Started by Doug Peterson, 06/03/2006 10:19PM
Posted 06/03/2006 10:19PM | Edited 06/06/2006 12:20AM Opening Post
Having become exasperated by Celestron's inability to recollimate C90s at a hundred bucks a pop, I decided to try it myself.

First you remove the tripod block and then remove the small screw underneath, which is the stop preventing the rotating half of the barrel from coming off. If you have the Astro fork version, you can remove the setting circle and pull the scope and integral altitude bearing out in one piece; two screws removed then separate the bearing from the tube.
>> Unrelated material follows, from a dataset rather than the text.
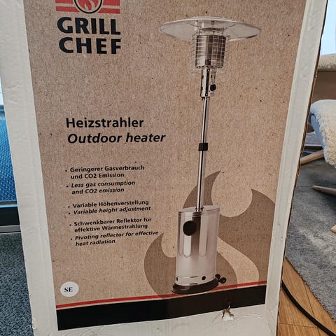Pöytämallin terassilämmitin, kaasulla toimiva.

The 3 screws on the rear cell merely plug the holes; presumably Celestron uses longer screws during the collimation operation, which involves a silicone adhesive. Celestron told me the mirror is bonded to a plate, so inserting 3ea. 8-32x3/4" thumb screws I can reach the plate (or the backside of the mirror) and make minor tweaks which stresses presumably 3 pads of silicone. Since the amount of adjustment required is small, only a tweak is required.
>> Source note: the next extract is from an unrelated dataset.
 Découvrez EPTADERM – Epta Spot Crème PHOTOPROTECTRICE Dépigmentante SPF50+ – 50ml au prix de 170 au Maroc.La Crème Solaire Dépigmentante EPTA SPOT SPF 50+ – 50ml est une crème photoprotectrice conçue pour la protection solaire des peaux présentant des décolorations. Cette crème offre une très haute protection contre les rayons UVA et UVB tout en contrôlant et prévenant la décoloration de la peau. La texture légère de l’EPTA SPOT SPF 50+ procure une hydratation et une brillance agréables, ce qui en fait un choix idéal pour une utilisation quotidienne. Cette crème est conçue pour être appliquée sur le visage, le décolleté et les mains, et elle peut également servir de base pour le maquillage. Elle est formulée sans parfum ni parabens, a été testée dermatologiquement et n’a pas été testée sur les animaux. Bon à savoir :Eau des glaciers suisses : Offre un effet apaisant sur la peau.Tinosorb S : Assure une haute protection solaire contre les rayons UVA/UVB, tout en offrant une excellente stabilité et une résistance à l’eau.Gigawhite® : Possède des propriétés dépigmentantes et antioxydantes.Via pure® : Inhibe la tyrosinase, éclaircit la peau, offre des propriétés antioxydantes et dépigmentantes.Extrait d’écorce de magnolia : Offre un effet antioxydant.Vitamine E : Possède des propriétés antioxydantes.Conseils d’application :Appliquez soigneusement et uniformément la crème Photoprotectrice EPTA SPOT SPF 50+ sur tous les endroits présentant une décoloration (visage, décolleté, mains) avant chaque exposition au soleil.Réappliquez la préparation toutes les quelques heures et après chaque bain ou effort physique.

Nevertheless astigmatism appeared. A spring clip around a depression in the primary baffle bears against the mirror front surface, protected by a thin ring gasket. Tilting the mirror against the clip must be causing the astig.

Next I made a rubber mask to protect the mirror and used a dental-pick type tip to pull the spring clip up the primary baffle tube a few mm, where it reseated itself in a 2nd depression. Now only the adhesive is holding the mirror in place for adjustment purposes, yet it is still positively restrained, the mirror will never escape the clip. This should be sufficient: Meade used only double sticky foam tape for years to hold secondary mirrors in place on SCTs and newtonians.
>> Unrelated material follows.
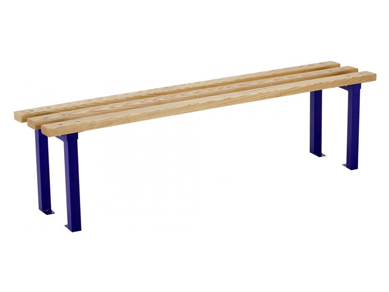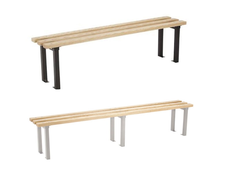 Tough polyester powder coated finish on 38mm x 38mm steel frames. Choice of 3 frame colours – black, blue or silver. 400mm height x 300mm deep. Can be fixed to floor with adjustable foot shown in photograph (floor bolts not included). 3 ash hardwood slats each measure 70mm wide x 32mm thick. Slats are sanded, sealed & lacquered for a quality finish. Available in three lengths from 2100 to 2700mm. Up to 1500mm bench has 4 legs; 1800mm and over has 6 legs. Requires simple self assembly.

I tweaked the collimation dead-on with the thumb screws. These C90s were actually figured pretty well in terms of overall wavefront quality. Only surface roughness in the corrector aspheric front surface (these are Gregorys, like Questars) and chromatic abberation marred the image quality in the 3 or 4 units I have owned over the years. The Gregory configuration has strong edge of field coma inherent in the design, particularly with the ultrafast F1.75 primary, hence a small shift in collimation spells disaster. I have seen either primary decollimation or secondary baffle drift on virtually every vintage C90 examined.

So far my fix is working fine. The next step would be to put an O-ring in the groove meant originally for the spring clip, and re-do the adhesive: use the screws to drive out the primary, create 3 new pads of adhesive, replace, preferably letting the adhesive cure live during an artificial star test.

Anyone else have collimation experiences?

"--Granted, that's a worse case scenario. The destruction might in fact be ... limited to our own galaxy."